Why do I write these blogs? That is a good question my friends and an even better one is why I write anything at all. Some people on here complain about all the “drama” or ranting that is involved in some of the blogs found on the net, including I am sure, mine from time to time. However, anyone is free to write about what they wish to write about and express and anyone is free to read it or not. Comments are encouraged but not required as well. Blogging is just another form of expression and is a free exchange of ideas and thoughts by individuals which helps the reader understand the author better and is necessary for our interaction as human beings. The moment we stop communicating with each other on this planet is the moment we are all in trouble my friends. Blogging is just another form of communication created by the evolution of internet which has vastly help connect people on this planet.

We have some very talented writers in our transgendered community and I do not consider myself among them but I write anyway for reasons I will explain in a bit.

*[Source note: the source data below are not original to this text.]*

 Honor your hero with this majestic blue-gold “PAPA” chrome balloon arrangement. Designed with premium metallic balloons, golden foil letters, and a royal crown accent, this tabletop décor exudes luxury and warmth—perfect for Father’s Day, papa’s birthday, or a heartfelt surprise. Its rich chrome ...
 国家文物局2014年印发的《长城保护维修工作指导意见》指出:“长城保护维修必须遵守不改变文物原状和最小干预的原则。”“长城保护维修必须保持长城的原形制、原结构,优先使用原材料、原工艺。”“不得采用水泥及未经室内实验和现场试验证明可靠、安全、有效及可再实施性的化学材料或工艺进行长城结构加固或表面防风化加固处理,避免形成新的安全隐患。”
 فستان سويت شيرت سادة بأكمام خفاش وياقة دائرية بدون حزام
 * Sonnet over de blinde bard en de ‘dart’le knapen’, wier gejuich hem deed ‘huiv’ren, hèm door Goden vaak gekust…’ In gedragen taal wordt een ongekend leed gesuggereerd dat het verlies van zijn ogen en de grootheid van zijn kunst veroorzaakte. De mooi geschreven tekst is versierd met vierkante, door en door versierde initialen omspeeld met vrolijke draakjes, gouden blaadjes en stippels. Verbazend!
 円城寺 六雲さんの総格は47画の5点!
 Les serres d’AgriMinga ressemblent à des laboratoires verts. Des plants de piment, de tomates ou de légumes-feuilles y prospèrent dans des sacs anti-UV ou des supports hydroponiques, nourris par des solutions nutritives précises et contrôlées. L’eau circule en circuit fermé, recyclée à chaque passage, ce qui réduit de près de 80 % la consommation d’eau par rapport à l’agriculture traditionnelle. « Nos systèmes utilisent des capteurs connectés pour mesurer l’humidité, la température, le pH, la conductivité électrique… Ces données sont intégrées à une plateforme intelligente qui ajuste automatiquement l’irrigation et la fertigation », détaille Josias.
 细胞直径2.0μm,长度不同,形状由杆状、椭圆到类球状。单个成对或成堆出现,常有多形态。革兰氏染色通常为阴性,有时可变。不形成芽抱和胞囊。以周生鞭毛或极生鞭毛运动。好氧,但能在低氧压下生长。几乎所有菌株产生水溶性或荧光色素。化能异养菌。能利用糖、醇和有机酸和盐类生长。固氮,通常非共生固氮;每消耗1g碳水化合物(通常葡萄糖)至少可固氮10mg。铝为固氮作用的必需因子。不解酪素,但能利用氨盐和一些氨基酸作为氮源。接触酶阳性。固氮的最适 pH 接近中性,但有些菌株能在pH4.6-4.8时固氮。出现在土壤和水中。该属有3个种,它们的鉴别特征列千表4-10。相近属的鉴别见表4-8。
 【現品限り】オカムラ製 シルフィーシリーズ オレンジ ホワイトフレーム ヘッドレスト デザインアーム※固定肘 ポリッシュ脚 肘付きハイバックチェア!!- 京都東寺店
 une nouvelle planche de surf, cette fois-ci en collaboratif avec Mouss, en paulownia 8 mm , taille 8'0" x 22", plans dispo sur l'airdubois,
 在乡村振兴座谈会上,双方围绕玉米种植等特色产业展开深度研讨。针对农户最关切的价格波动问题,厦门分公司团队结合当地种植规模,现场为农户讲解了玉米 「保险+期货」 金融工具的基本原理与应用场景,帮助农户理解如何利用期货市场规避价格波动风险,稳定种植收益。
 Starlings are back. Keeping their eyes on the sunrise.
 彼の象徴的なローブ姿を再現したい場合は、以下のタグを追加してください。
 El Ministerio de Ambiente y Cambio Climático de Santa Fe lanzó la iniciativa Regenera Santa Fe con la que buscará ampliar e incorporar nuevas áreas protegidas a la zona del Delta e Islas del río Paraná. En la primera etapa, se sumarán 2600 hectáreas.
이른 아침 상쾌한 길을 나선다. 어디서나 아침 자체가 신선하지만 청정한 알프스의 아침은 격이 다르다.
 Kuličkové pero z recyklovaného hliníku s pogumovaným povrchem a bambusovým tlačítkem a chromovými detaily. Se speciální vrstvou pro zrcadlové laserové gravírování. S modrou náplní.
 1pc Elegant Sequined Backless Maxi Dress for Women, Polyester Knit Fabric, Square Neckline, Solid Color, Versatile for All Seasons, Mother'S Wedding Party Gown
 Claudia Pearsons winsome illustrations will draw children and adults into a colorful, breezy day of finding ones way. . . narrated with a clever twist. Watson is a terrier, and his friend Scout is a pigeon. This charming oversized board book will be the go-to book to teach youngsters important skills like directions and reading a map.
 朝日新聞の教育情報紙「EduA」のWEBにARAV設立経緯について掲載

I absolutely love to read Jamie’s blogs and was very disappointed when she stopped publishing them a while ago. Although I don’t always agree with her, and it would be surprising for any human being to always do so, she is an extremely intelligent person who writes thought provoking blogs that facilitate the free exchange of ideas. I also adore reading Cyndy’s blogs as she has a wit and humor not found in too many places and it is always delightful to read her thoughts and ideas. Although slowed by her travels, surgeries and recovery physically and emotionally, I have always enjoyed reading Chloe’s blogs as she journeyed toward the completion of her transition and some of the best stuff was her and Jamie’s exchanges and banter which sometimes had me rolling on the floor with laughter. Others I particularly enjoy who have talent include Zelda Rose from Texas, Monique Monet from Cincinnati and Diane Darcy from Chicago. There many others I read. Of course, I always read the blogs of my girl Paula. Paula is not the most eloquent writer- as it is not her forte. However, I will tell you this she writes straight up and straight from her heart as any good writer should do.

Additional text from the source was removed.